Methods: Twenty five prospective patients with solid tumors underwent clinical [18F]FDG PET/CT scan followed by [18F]FDG PET/MR scans. In all patients the lesions were identified using nuclear medicine reports. The images were co-registered and segmented using an in-house auto-segmentation method. Fifty features, based on the intensity histogram, second and high order matrices, were extracted from the segmented regions from both image data sets. One-way random-effects ANOVA model of the intra-class correlation coefficient (ICC) was used to establish texture feature correlations between both data sets.

Results: Fifty features were classified based on their ICC values, which were found in the range from 0.1 to 0.86, in three categories: high, intermediate, and low. Ten features extracted from second and high-order matrices showed large ICC ≥ 0.70. Seventeen features presented intermediate 0.5 ≤ ICC ≤ 0.65 and the remaining twenty three presented low ICC ≤ 0.45.
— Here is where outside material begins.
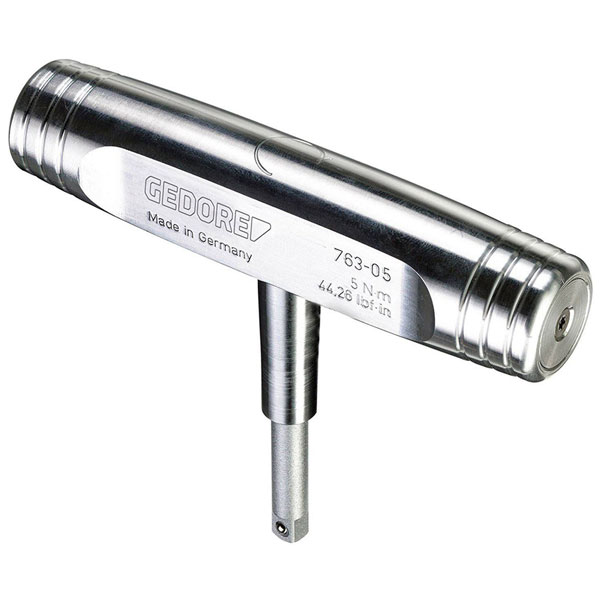The Gedore 763-05 1947958 torque wrench is a precision tool designed to apply a specific torque, ranging from 5 to 5 Nm, with a 1/4 inch (6.3 mm) drive. Ideal for delicate mechanical applications, it ensures accurate fastening without over-tightening. Commonly used in automotive and precision engineering tasks, it guarantees consistent and reliable results.

Conclusion: Features with large ICC values could be reliable candidates for quantification as they lead to similar results from both imaging modalities. Features with small ICC indicates a lack of correlation. Therefore, the use of these features as a quantitative measure will lead to different assessments of the same lesion depending on the imaging modality from where they are extracted. This study shows the importance of the need for further investigation and standardization of features across multiple imaging modalities.